Chip market in full recovery
The chip market appears back in full swing after a long winter of reduced demand – but its momentum may be slowed by supply issues.
Taiwan Semiconductor (TSMC), the world's largest contract chipmaker and industry bellwether, revealed yesterday that it expected a record NT$100 billion (€2.41 billion) in revenue for the current quarter, Bloomberg said.
And increased sales helped TMSC beat net profit expectations in Q1 with an NT$33.7 billion result. Revenue more than doubled to NT$92.2 billion.
HSBC Holdings told Bloomberg that end demand has been stronger than expected in just about every cycle.
But this demand will likely cause supply issues for the market, the TMSC chairman Morris Chang told FT.com.

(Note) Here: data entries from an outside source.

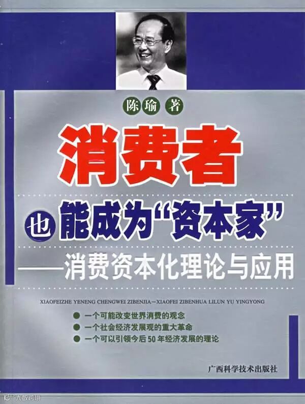 你知道吗—《消费者也能成为资本家》!此书作者—陈瑜教授,他提出的“消费资本化理论”的中心意思是说,消费者在购买企业的商品之后,企业应把消费者的消费视同是对企业的投资,并按一定的时间间隔,把该企业利润的一定比例返还给消费者。这意味着,消费者在消费的同时,实际成为一个投资者,而消费则质变为资本,使消费和投资有机结合。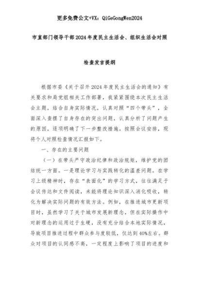 【七哥公文】2025年:市直部门领导干部2024年度民主生活会、组织生活会对照检查发言提纲+更多免费公文+VX:QiGeGongWen2024+更多免费公文+VX:QiGeGongWen2024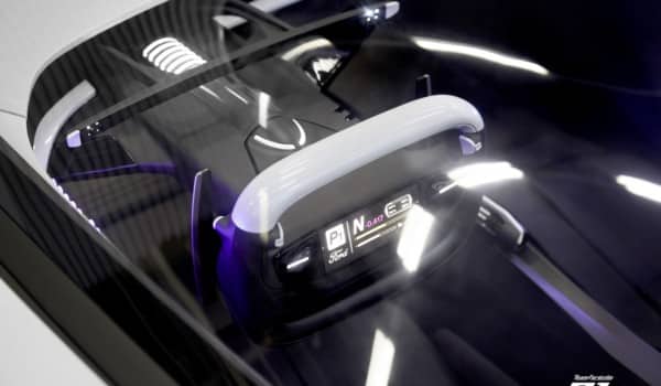 El automóvil de carreras está construido alrededor de la estructura monocasco parcialmente cubierta por una cúpula grande e hiper-transparente estilo caza, que protege al piloto y al copiloto. El dosel transparente no solo difumina los límites entre el exterior y el interior, sino que también enfatiza la posición de conducción única de estilo F1.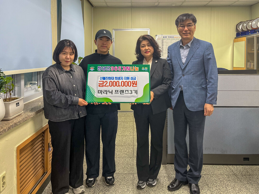 창녕군은 지난 4월 30일 러닝 동호회 '마라닉 프렌즈' 3기에서 창녕군 산불진화대 피해자를 위한 성금 200만 원을 기탁했다고 2일 밝혔다.

Demand is currently 30% greater than supply, even though TMSC has been building capacity as fast as it can. And the company doesn't expect utilisation to drop below 100% for at least two years.
TMSC expects the chip market to grow 22% this year, he added. It will likely take several months for the supply-demand imbalance to impact on retail devices.
Chip designer ARM has also benefited from the surge in demand, nearly doubling its own first-quarter profits to £25.9 million (€29.9 million).
The biggest driver of this profit was mobile devices, unsurprising considering the company's chips are used in more than 95% of mobile phones in the world - including the iPhone and the iPad.